Exercise instructions
In the entries that follow, repeat exactly the lines from the one that has "Перчатки х/б х2" through the one that has "桂格燕麦片特浓牛奶红枣醇香540g*2袋装速食冲饮营养燕麦", but omit pictures.

Given data
★ ★ ★

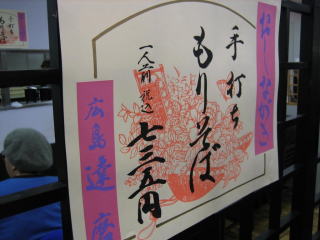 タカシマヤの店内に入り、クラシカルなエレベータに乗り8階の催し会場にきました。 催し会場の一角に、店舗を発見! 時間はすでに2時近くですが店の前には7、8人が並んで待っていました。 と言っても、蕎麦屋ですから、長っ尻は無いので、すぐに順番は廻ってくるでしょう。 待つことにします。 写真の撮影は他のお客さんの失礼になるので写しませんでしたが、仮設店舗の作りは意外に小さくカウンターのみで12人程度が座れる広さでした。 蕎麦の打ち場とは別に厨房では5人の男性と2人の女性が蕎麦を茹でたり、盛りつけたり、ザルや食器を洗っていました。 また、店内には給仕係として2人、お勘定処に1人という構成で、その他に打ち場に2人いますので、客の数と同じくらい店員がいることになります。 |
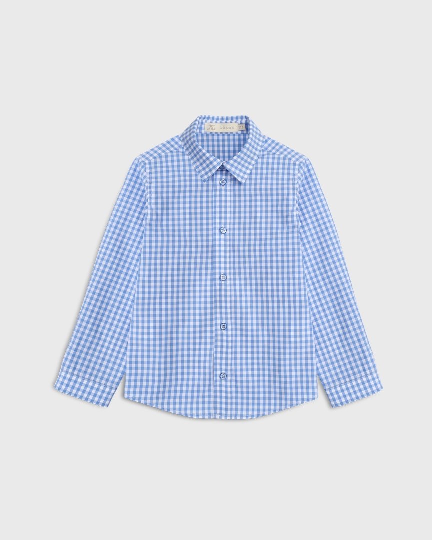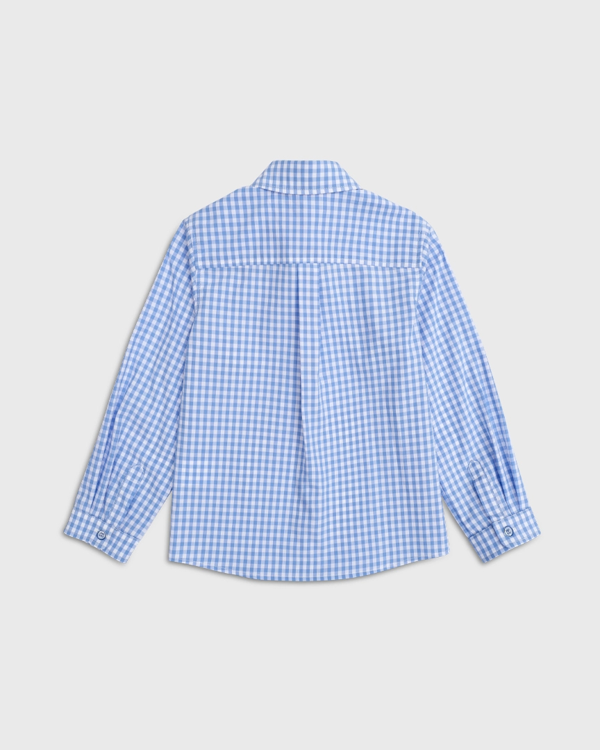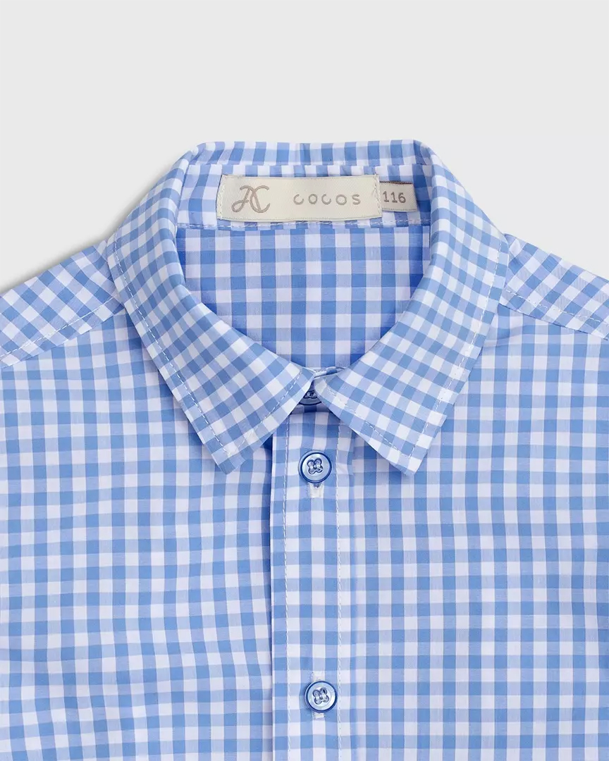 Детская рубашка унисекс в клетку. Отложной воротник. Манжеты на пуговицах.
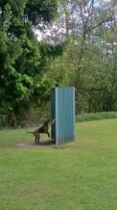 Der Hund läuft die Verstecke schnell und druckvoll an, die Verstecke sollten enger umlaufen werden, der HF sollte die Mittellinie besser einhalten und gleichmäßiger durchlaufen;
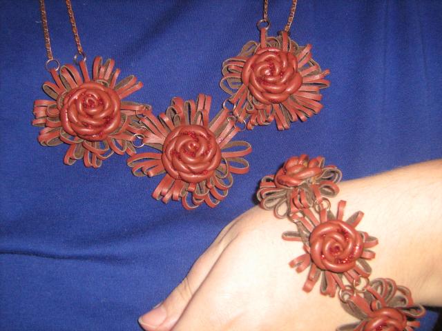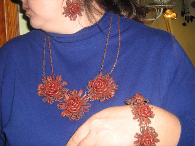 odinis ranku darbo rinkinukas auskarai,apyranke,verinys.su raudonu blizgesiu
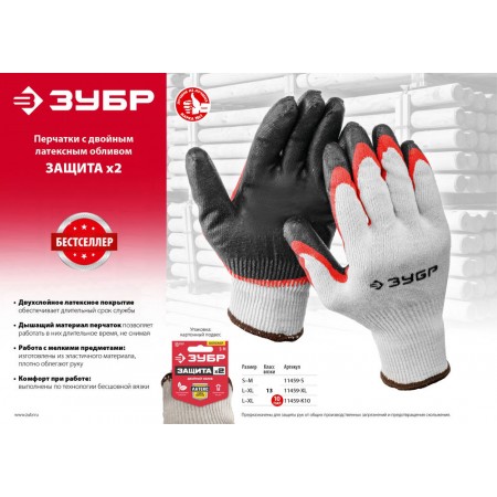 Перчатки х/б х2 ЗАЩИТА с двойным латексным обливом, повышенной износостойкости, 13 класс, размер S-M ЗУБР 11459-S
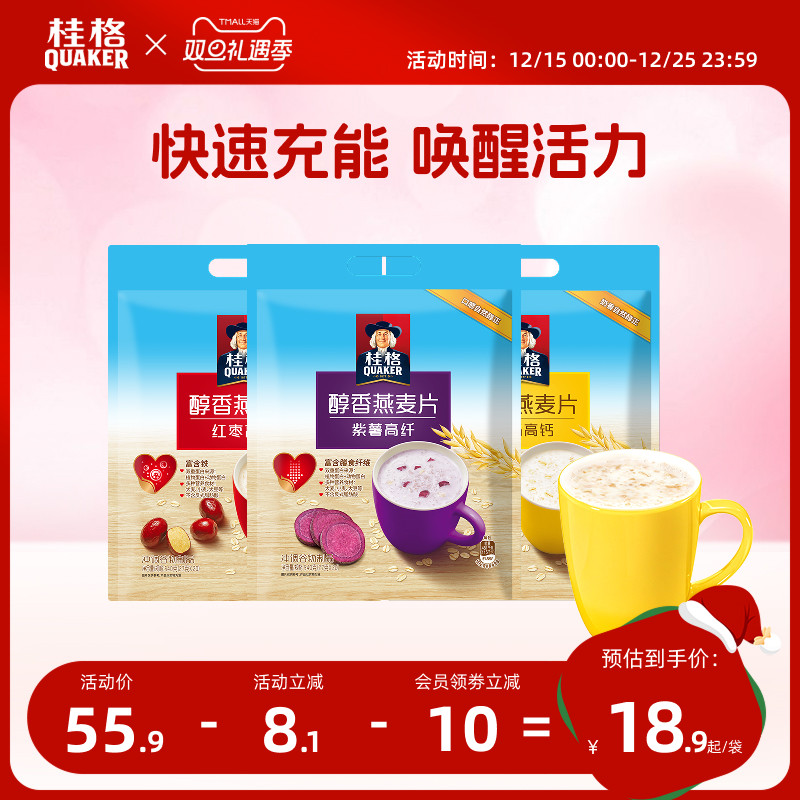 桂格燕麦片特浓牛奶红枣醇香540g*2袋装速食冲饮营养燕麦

★ ★ ★

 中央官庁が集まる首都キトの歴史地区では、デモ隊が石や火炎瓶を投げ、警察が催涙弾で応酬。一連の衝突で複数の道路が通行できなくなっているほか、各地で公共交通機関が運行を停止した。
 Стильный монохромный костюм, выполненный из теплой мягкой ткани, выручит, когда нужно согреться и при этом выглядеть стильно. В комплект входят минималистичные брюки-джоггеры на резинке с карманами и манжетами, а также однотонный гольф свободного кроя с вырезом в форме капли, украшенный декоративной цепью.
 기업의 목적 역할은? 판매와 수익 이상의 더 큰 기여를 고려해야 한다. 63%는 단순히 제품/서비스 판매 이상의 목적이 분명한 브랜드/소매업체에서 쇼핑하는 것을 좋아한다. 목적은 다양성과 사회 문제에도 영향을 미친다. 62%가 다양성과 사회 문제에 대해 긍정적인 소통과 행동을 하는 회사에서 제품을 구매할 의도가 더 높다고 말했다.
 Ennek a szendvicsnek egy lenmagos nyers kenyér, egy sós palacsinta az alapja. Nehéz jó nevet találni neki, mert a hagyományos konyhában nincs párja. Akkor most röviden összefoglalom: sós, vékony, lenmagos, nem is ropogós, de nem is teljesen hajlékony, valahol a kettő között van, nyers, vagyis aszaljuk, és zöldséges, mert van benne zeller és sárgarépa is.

★ ★ ★

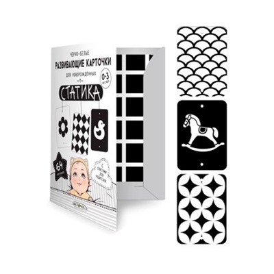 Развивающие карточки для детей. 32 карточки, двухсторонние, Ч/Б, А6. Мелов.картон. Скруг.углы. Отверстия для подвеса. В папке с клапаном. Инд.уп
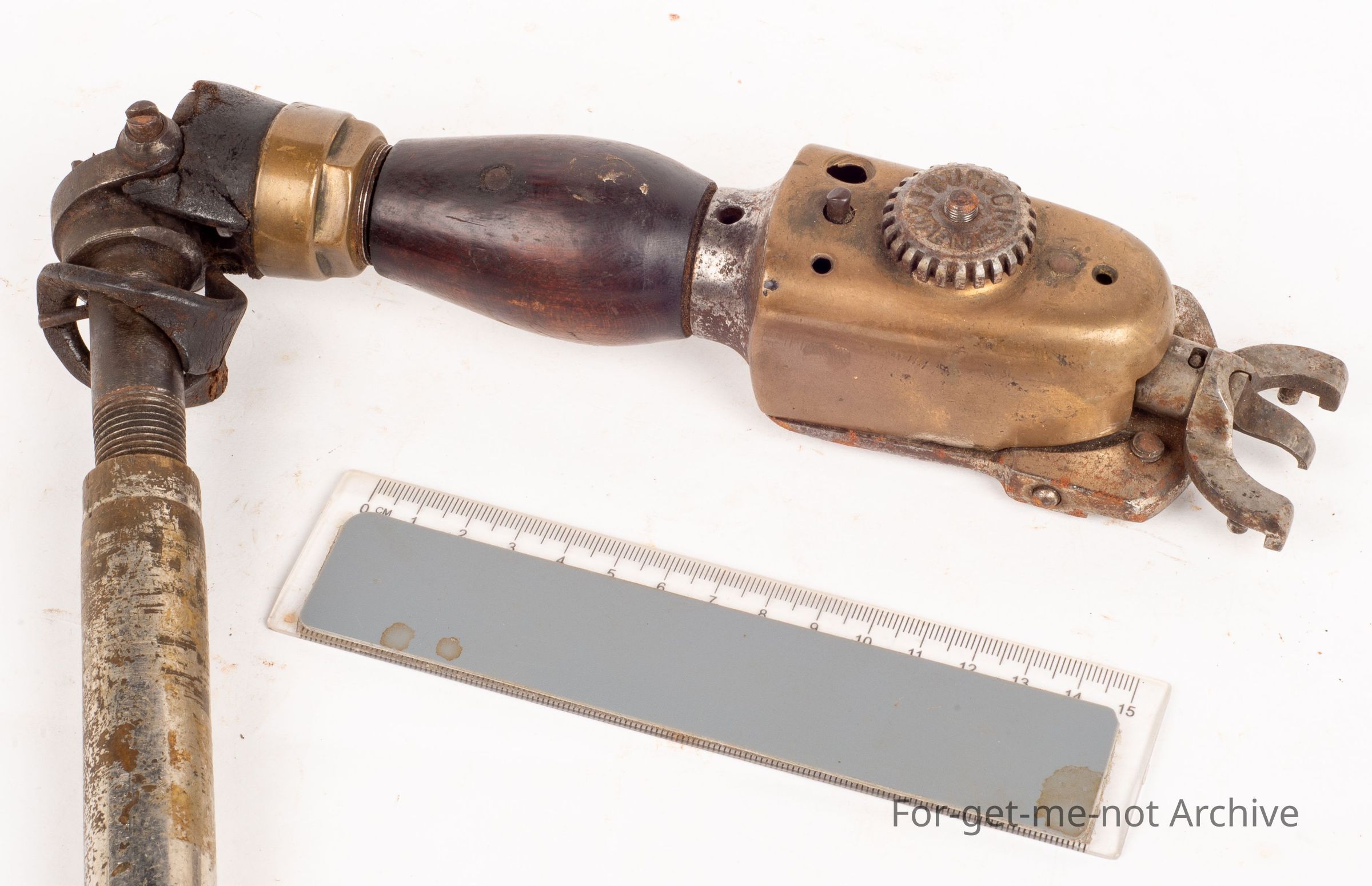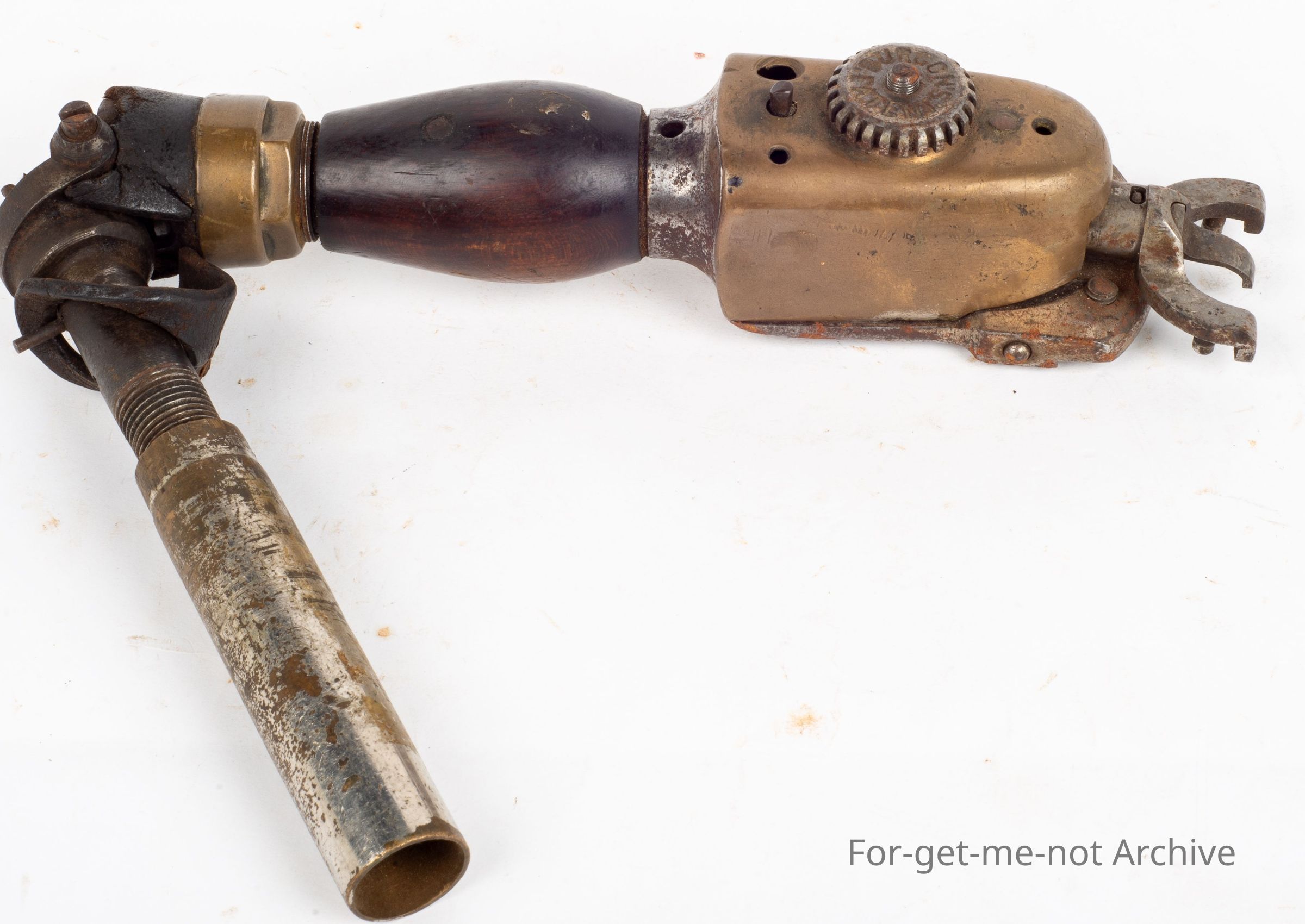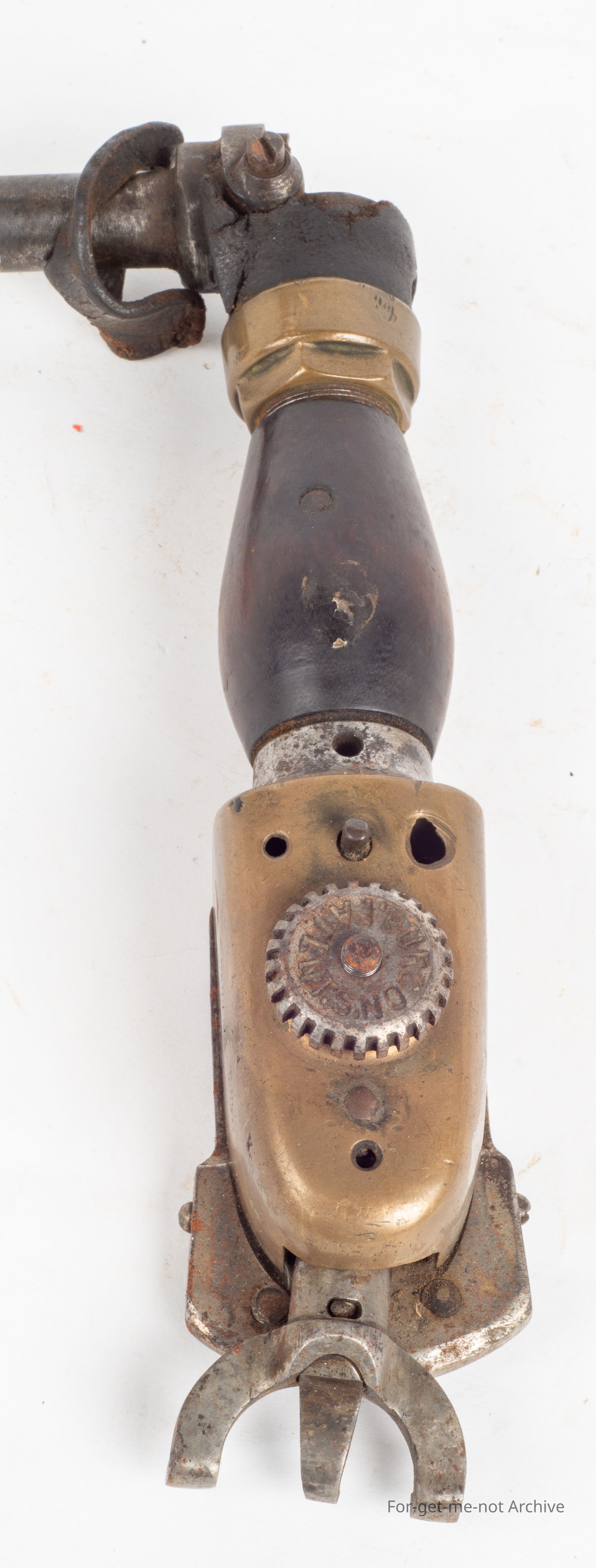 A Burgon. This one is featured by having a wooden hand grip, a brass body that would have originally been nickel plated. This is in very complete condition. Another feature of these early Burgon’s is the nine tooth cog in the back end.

★ ★ ★

Solution for this task
 Перчатки х/б х2 ЗАЩИТА с двойным латексным обливом, повышенной износостойкости, 13 класс, размер S-M ЗУБР 11459-S
 桂格燕麦片特浓牛奶红枣醇香540g*2袋装速食冲饮营养燕麦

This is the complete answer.